Exercise aim:
Exact copies of all the lines below are needed, without the pictures.

Available data:

-- Opening Marker --

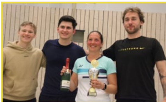
Teilnehmer der TSG Heilbronn

Die diesjährige Mannschaftswertung für die erfolgreichste Mannschaft am Turnier ging an die Spieler der TSG Heilbronn.
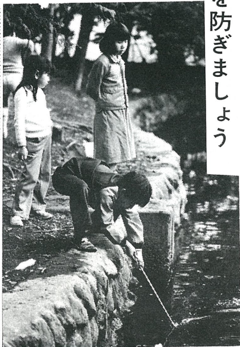
水辺の遊びは危険がいっぱい
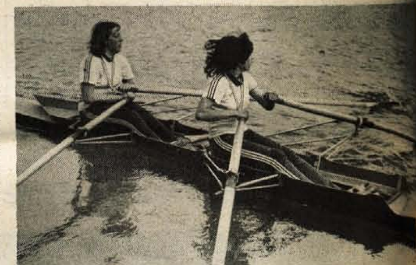
Med mladinkami sta v dvojnem dvojcu slavili veslačice VK Arupinum iz Rovinja.

-- Closing Marker --

Result below:
Teilnehmer der TSG Heilbronn

Die diesjährige Mannschaftswertung für die erfolgreichste Mannschaft am Turnier ging an die Spieler der TSG Heilbronn.
水辺の遊びは危険がいっぱい
Med mladinkami sta v dvojnem dvojcu slavili veslačice VK Arupinum iz Rovinja.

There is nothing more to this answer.